Federal tax rules on the establishment of health insurance exchanges to make coverage available for Oklahoma residents deprive the state of an “important sovereign choice” by “requiring it to provide federally approved health insurance to all full-time employees — or risk onerous penalties,” according to the filing.

Pruitt, a Republican, sued in January 2011, about 10 months after the president signed into law the Patient Protection and Affordable Care Act that made the acquisition of basic health insurance mandatory for almost all Americans.
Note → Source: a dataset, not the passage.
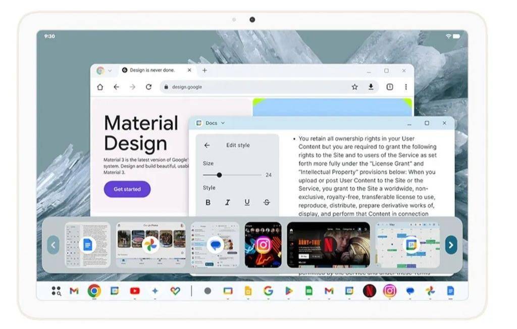 谷歌进一步解释说,在应用窗口、内容和鼠标光标方面,用户可以在两个屏幕之间自由移动,这一特性极大地增强了操作的灵活性。此次更新还增添了自定义键盘快捷键和任务栏溢出功能。当任务栏上的应用过多时,系统会智能地弹出一个轮播菜单,使用户能够快速切换所需应用。

That part of the law takes effect in 2014.

The U.S. Supreme Court in June upheld most of the federal health care law, including the purchase mandate, which it deemed a valid exercise of Congress’s power to levy taxes.

Last month, the U.S. argued the state lacks standing to sue the federal government to deprive its residents of the benefits of the federal law. The Obama administration contended in its filing that, without a health-insurance exchange, about 380,000 Oklahoma residents would forgo tax credits worth an average of $5,000 a person and some large employers that don’t offer qualifying coverage would face tax penalties.

A Justice Department representative didn’t immediately return a call after regular business hours seeking comment on the filing.

The case is State of Oklahoma v. Sebelius, 11-cv-00030, U.S. District Court, Eastern District of Oklahoma (Muskogee).